Pengertian thaharah secara etimology (bahasa) : Bersih dan terbebas dari kotoran. Secara terminology (syara') : Menghilangkan najis atau hadats.
Air adalah salah satu hal yang vital bagi kehidupan sekaligus merupakan satu-satunya dzat yang mampu menghilangkan hadats atau najis, sebagaimana yang termaktub didalam Al Qur'an surat Al Anfal:11 :
وَيُنَزِّلُ عَلَيْكُمْ مِنَ السَّمَاءِ مَاءً لِيُطَهِّرَكُمْ بِهِ (الانفال: 11)
Artinya: “Dan Allah telah menurunkan kepadamu air supaya kamu bisa bersuci dengan air tersebut”. (QS. Al Anfal:11)
Dan hadits Nabi SAW :
اللّّّهم طهّرني بالماء والثلج والبرد (رواه البخاري ومسلم) .متفق عليه.
Artinya: "Ya Allah sucikanlah saya dengan air tawar, embun dan air hujan". (HR.: Bukhori- Muslim).
Dan hadits yang diriwatkan imam Tirmidzi dari Abu Hurairoh :
روى أبو هريرة رضي الله عنه قال سأل رجل رسول الله صلى الله عليه وسلم فقال يا رسول الله إنا نركب البحر وتحمل معنا القليل من الماء أفنتوضأ بماء البحر فقال رسول الله صلى الله عليه وسلم هو الطهور ماؤه الحلّ ميتته (رواه الترميذي) . حسن صحيح .

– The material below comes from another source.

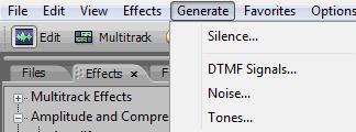 Вставка тишины в файл. Установите желтый маркер в то место в которое вы хотите добавить тишины, выберите данный генератор и введите необходимую длительность тишины в поле Silence Time измеряемое в секундах.
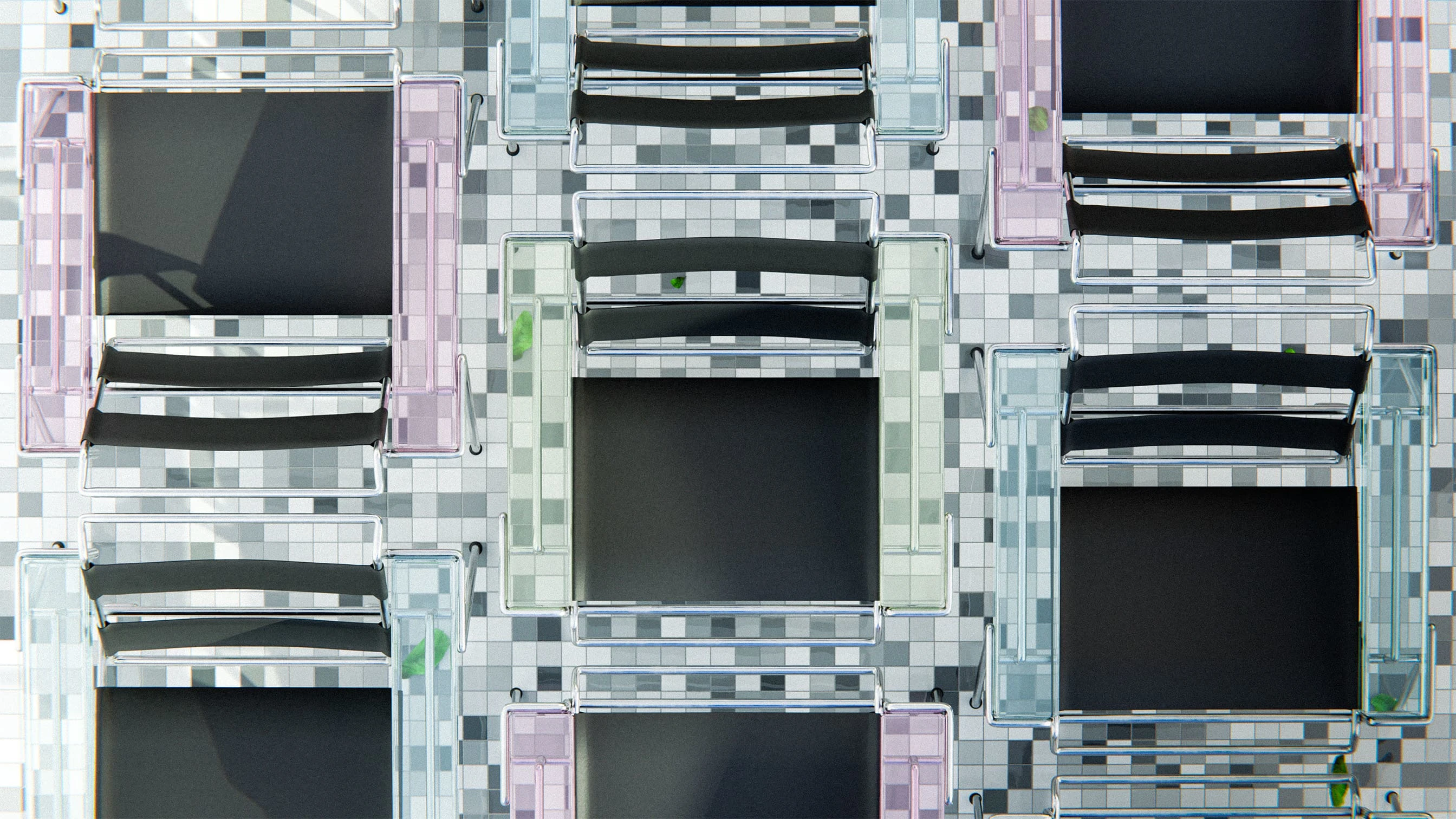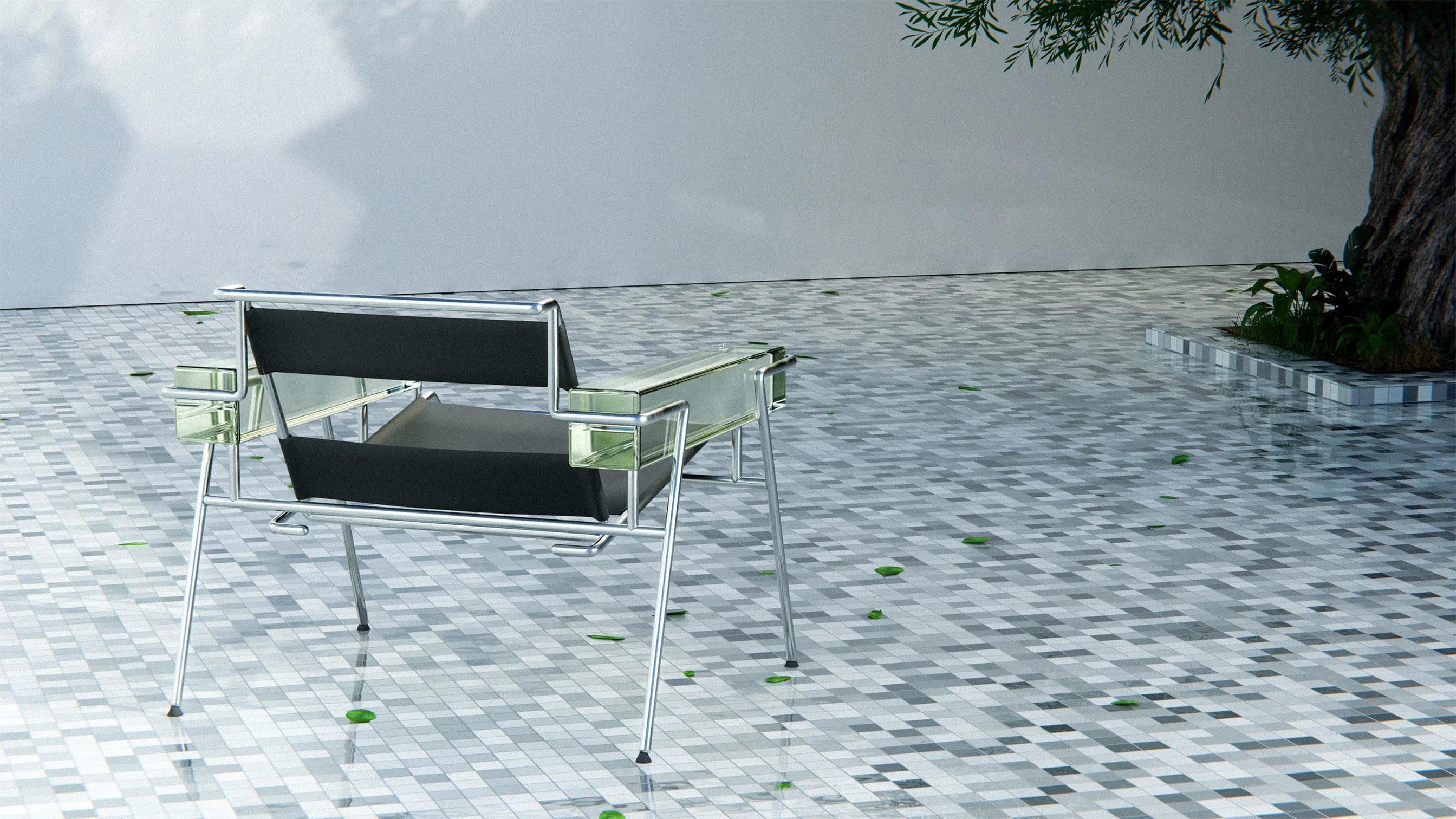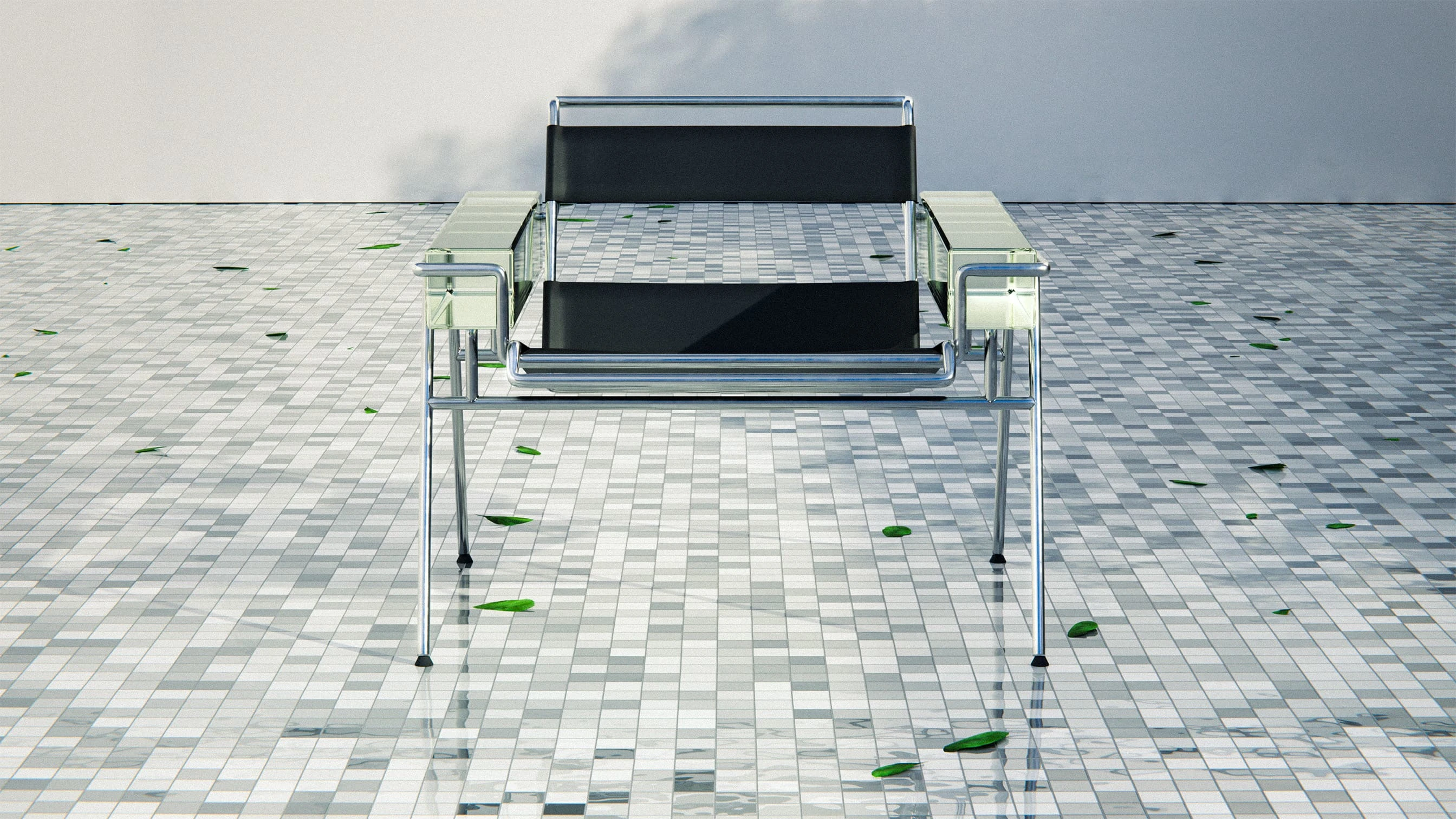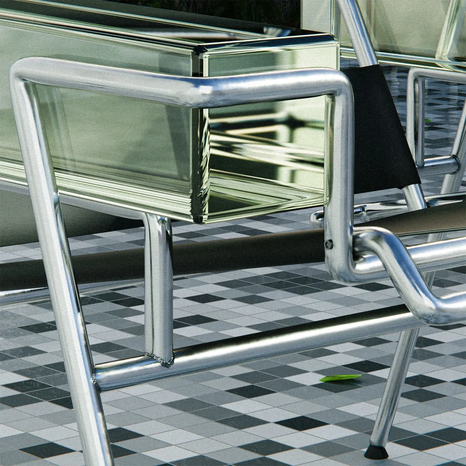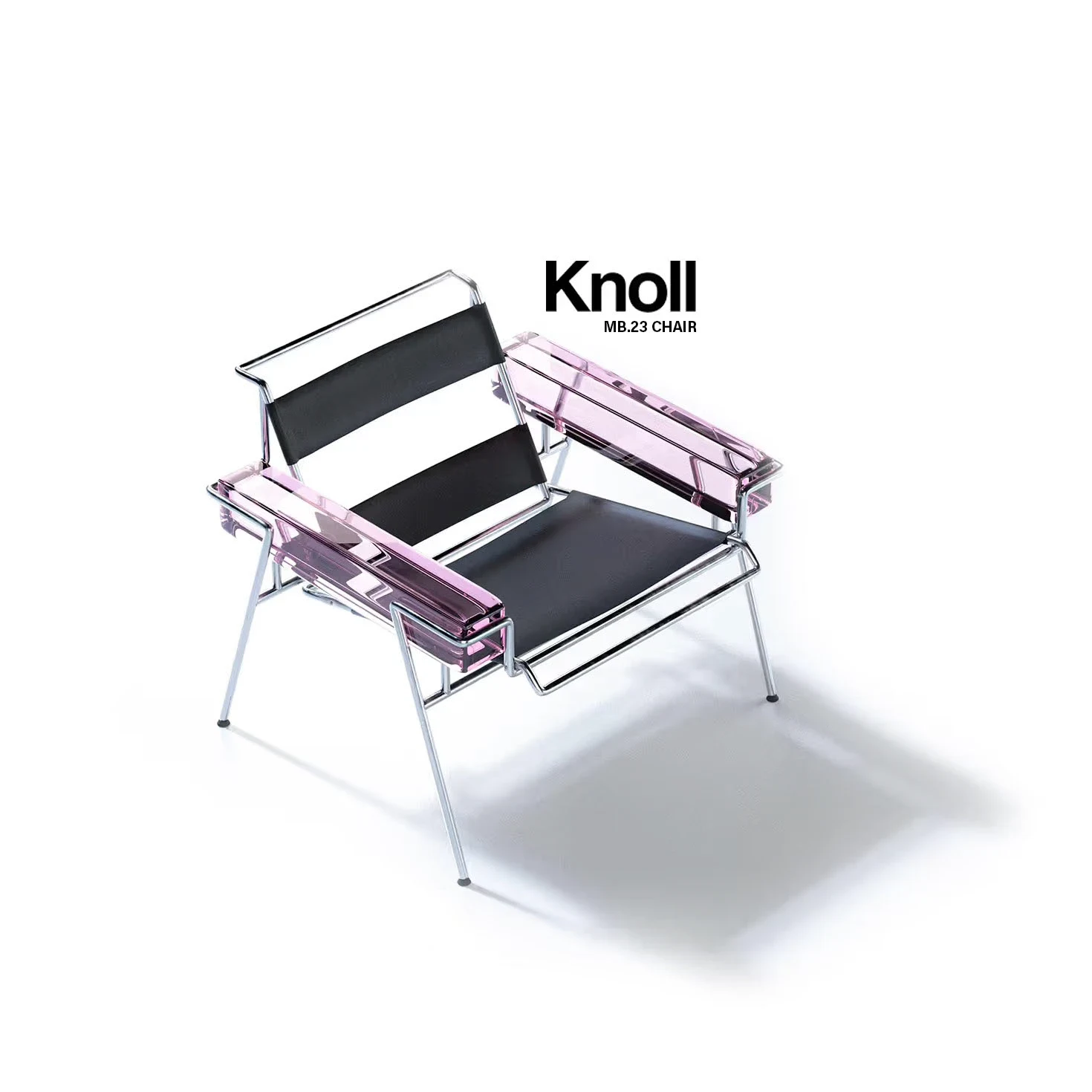 The MB23 chair blends metal, leather & glass in a bold tribute to modernism, evoking beach chairs with a refined, elegant and timeless design twist.

Artinya : Seorang laki-laki bertanya kepada Nabi SAW : "Wahai Nabi, sewaktu saya sedang di laut dan hanya membawa sedikit air, apakah saya boleh berwudlu dengan air laut ? Nabi menjawab "Air laut itu suci dan halal bangkainya". (HR. Tirmidzi)
Klasifikasi Air
Pembagian air ditinjau dari sah dan tidaknya di gunakan bersuci ada tiga:
1. Suci dan dapat mensucikan perkara lain (suci mensucikan);
2. Suci tapi tidak dapat mensucikan yang lainnya (suci tidak mensucikan);
3. Air mutanajis (terkena najis).
Air suci mensucikan yaitu setiap air yang turun dari langit atau yang keluar dari mata air dan tidak berubah salah satu dari tiga sifatnya (warna, bau dan rasa) dengan sesuatu yang bisa menghilangkan kemutlakannya air serta bukan air musta'mal (telah digunakan untuk menghilangkan hadats atau najis). Sebagian ulama' madzhab Maliki menyatakan bahwa air musta'mal tetap boleh digunakan bersuci, seperti wudlu dan mandi, hanya saja hukumnya makruh, Tendensi yang dibuat pijakan adalah hadits yang diriwayatkan Ibnu Majah yang berbunyi :
إن النبي صلى الله عليه وسلم قال : الماء طهور لاينجّسه الا ما غلب على لونه او طعمه او ريحه (رواه ابن ماجه)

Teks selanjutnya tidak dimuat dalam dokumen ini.